Give every entry again, unchanged, and leave its images out.

(Data records)
----------------------------------------
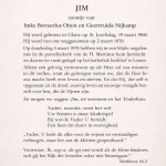 (Familiedrama, noodlottig ongeval) Jim werd op maandag 2 maart 1970 levenloos gevonden in de Dinkel door een postbode in Glane. Al snel werd duidelijk dat hij was verdronken, ook door de koude tempraturen. De oorzaak was dat Jim door het tuinhekje dat open stond naar het water was gelopen en waarschijnlijk er toen is in gevallen. Wie hiervoor verantwoordelijk is, is een raadsel, maar de familie heeft in stilzwijgen altijd Tieme (opa) verdacht. Een volledige oorzaak zou nooit meer gevonden kunnen worden helaas.
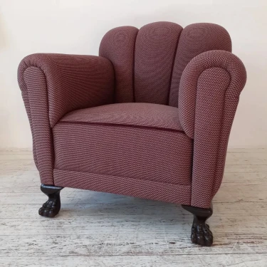Der Armsessel mit charakteristischen Löwentatzenfüßen wurde einer vollständigen Restaurierung unterzogen. Für den neuen Bezug kam der Stoff "Drop" von Kvadrat zum Einsatz. Die Arbeit erfolgte in mehreren Phasen, wobei traditionelle Polstermaterialien mit modernen Vlies- und Schaumstoffmatten kombiniert wurden.
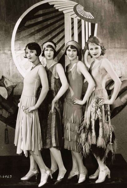 Films began to talk in the middle of the decade and by 1930 sound film production would outpace that of silent films. The sounds of jazz filled the air and women’s fashions made a dramatic shift from attire that might have looked like this
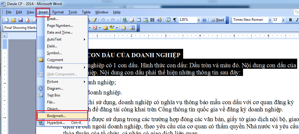 Bước 1: Bạn bôi đen đoạn văn bản cần đánh dấu sau đó click Insert >> Bookmark
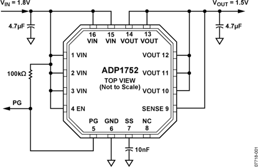 具有軟啟動特性,提供7種固定輸出電壓選項:0.75 V至2.5V (ADP1752)
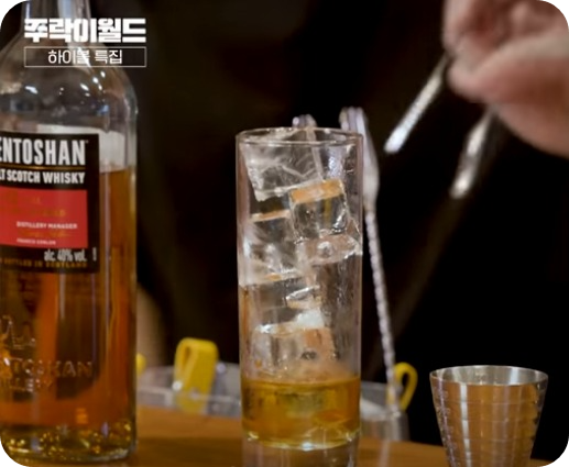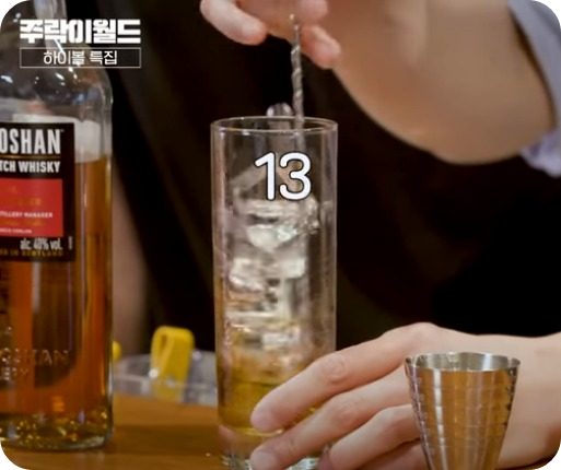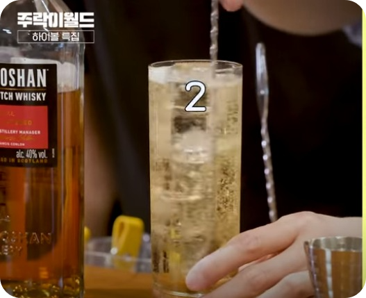 글라스잔에 얼음을 넣고 위스키를 부어준 후 얼음에 탄산수가 최대한 닿지 않게 부어주는 것 이대로만 만들어도
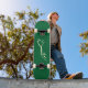 Eine Abbildung des Weißen Pferdes auf dem Uffington Castle Berkshire, Großbritannien in Creme vor einem grünen (englischen Renngrün) Hintergrund. Das Uffington Castle White Horse ist die älteste Kreidefigur auf den Britischen Inseln und könnte über 3000 Jahre alt sein. Damals hatten sie wahrscheinlich keine Rennautos, aber Skateboarding war möglich gewesen. :
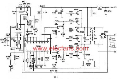 運(yùn)放A1作為過流保護(hù)用,6腳由TL494的14腳提供5V參考電壓。正常情況下,P/T端為高電平,5腳為低電平,所以7腳輸出低電平,TL494的16腳也為低電平。當(dāng)由于運(yùn)放出現(xiàn)過流或其它原因而使P/T端檢測(cè)到低電平時(shí),5腳為高電平,且高于6腳參考電平,7腳便輸出高電平,保護(hù)動(dòng)作。運(yùn)放A2作為開機(jī)保護(hù)和過熱保護(hù)用,同相輸入端3腳電壓由控制電壓12V經(jīng)兩電阻R707和R709分壓獲得。反相輸入端電壓由R710和熱敏電阻R708分壓獲得。R708在常溫下阻值為100kΩ左右,2腳電平高于3腳電平,1腳便輸出低電平。當(dāng)溫度升高到近100℃時(shí),熱敏電阻阻值降為低于10kΩ。2腳電平低于3腳電平,輸出翻轉(zhuǎn),保護(hù)動(dòng)作,紅色發(fā)光二極管亮。電容C712作為開機(jī)保護(hù)用,開機(jī)瞬間C712充電,而使2腳電平低于3腳電平,這時(shí)保護(hù)動(dòng)作,紅色發(fā)光二極管亮。
----------------------------------------
**Response to the exercise**:
 (Familiedrama, noodlottig ongeval) Jim werd op maandag 2 maart 1970 levenloos gevonden in de Dinkel door een postbode in Glane. Al snel werd duidelijk dat hij was verdronken, ook door de koude tempraturen. De oorzaak was dat Jim door het tuinhekje dat open stond naar het water was gelopen en waarschijnlijk er toen is in gevallen. Wie hiervoor verantwoordelijk is, is een raadsel, maar de familie heeft in stilzwijgen altijd Tieme (opa) verdacht. Een volledige oorzaak zou nooit meer gevonden kunnen worden helaas.
Der Armsessel mit charakteristischen Löwentatzenfüßen wurde einer vollständigen Restaurierung unterzogen. Für den neuen Bezug kam der Stoff "Drop" von Kvadrat zum Einsatz. Die Arbeit erfolgte in mehreren Phasen, wobei traditionelle Polstermaterialien mit modernen Vlies- und Schaumstoffmatten kombiniert wurden.
 Films began to talk in the middle of the decade and by 1930 sound film production would outpace that of silent films. The sounds of jazz filled the air and women’s fashions made a dramatic shift from attire that might have looked like this
 Bước 1: Bạn bôi đen đoạn văn bản cần đánh dấu sau đó click Insert >> Bookmark
 具有軟啟動特性,提供7種固定輸出電壓選項:0.75 V至2.5V (ADP1752)
 글라스잔에 얼음을 넣고 위스키를 부어준 후 얼음에 탄산수가 최대한 닿지 않게 부어주는 것 이대로만 만들어도
 Eine Abbildung des Weißen Pferdes auf dem Uffington Castle Berkshire, Großbritannien in Creme vor einem grünen (englischen Renngrün) Hintergrund. Das Uffington Castle White Horse ist die älteste Kreidefigur auf den Britischen Inseln und könnte über 3000 Jahre alt sein. Damals hatten sie wahrscheinlich keine Rennautos, aber Skateboarding war möglich gewesen. :
 運(yùn)放A1作為過流保護(hù)用,6腳由TL494的14腳提供5V參考電壓。正常情況下,P/T端為高電平,5腳為低電平,所以7腳輸出低電平,TL494的16腳也為低電平。當(dāng)由于運(yùn)放出現(xiàn)過流或其它原因而使P/T端檢測(cè)到低電平時(shí),5腳為高電平,且高于6腳參考電平,7腳便輸出高電平,保護(hù)動(dòng)作。運(yùn)放A2作為開機(jī)保護(hù)和過熱保護(hù)用,同相輸入端3腳電壓由控制電壓12V經(jīng)兩電阻R707和R709分壓獲得。反相輸入端電壓由R710和熱敏電阻R708分壓獲得。R708在常溫下阻值為100kΩ左右,2腳電平高于3腳電平,1腳便輸出低電平。當(dāng)溫度升高到近100℃時(shí),熱敏電阻阻值降為低于10kΩ。2腳電平低于3腳電平,輸出翻轉(zhuǎn),保護(hù)動(dòng)作,紅色發(fā)光二極管亮。電容C712作為開機(jī)保護(hù)用,開機(jī)瞬間C712充電,而使2腳電平低于3腳電平,這時(shí)保護(hù)動(dòng)作,紅色發(fā)光二極管亮。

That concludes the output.